Sunday, April 5, 2009

More on Stevens - Two Court Orders

The government filed a motion to dismiss the case against Ted Stevens, former senator from Alaska.(see here and here). And I immediately congratulated our new Attorney General on being a true "minister of justice" in a matter that appeared to warrant correction. As noted by Solomon Wisenberg over at Letter of Apology here, there are many lessons to be learned by prosecutors - most of all regarding the 302s, statements produced by the FBI when they interview witnesses.  Wisenberg notes that when exculpatory information is obtained from a witness, in whatever form, that information is required to be turned over to the defense. 
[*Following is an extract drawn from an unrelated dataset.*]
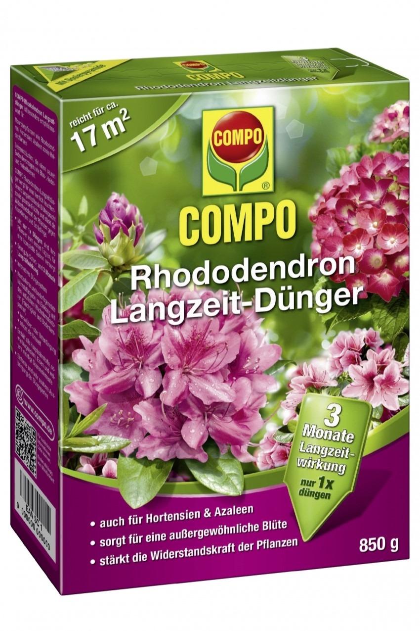 Uudne väetamissüsteem, kus toitainete vabastamine toimub kahes faasis. Helehallid väetisegraanulid vabastavad toiteained kohe nii, et taimed on esimesest päevast alates kõikide olulisemate põhi- ja mikrotoitainetega varustatud. Kõrge algvajadus kaetakse seeläbi optimaalselt. Vaigukihiga kaetud rohelised väetisegraanulid katavad hilisema toitainete vajaduse. Nende pikaajaline toime 3 kuud hakkab aeglaselt mõjuma. Soojuse ja vee mõjul tungivad toitained vähehaaval läbi ümbriskihi. Tänu väetisele õitsevad taimed rikkalikult. Ühekordsest väetamisest piisab terveks õitsemishooajaks. Optimaalne varustamine tänu esmasele ja pikaajalisele mõjule. Pole üle- ega alaväetamist, vajadusekohane doseerimine vastavalt niiskusele ja soojusele. Kõik olulisemad põhi- ja mikrotoitained igas teras hoolitsevad tugeva õie ja terve kasvu eest. Tänu väetisele suureneb vastupidavus haiguste ja kahjustuste vastu. COMPO pikaajalise toimega rododendroniväetis on kooskõlas sootaimede/helofüütide, näiteks rododendronid, asalead, erikad, hortensiate ja fuksiate spetsiaalsete vajadustega. Väetis sobib ka mustikatele.

But it looks like someone else also wants it  - the judge. Judge Emmet G. Sullivan entered two orders today (Sunday) - both sua sponte. He asks the government to provide by April 6th at 10:00 a.m. "all material gathered post-trial and produced to the defendant."  Additionally he also asks the government to produce some materials including "exculpatory evidence, witness interviews, 302s, and affidavits" regarding one witness interview. 

A second Order of the court requires all "government agencies involved in the investigation and/or prosecution of Senator Stevens [to] immediately preserve any and all documents related to this matter, including but not limited to emails, notes, memorandua,"...etc.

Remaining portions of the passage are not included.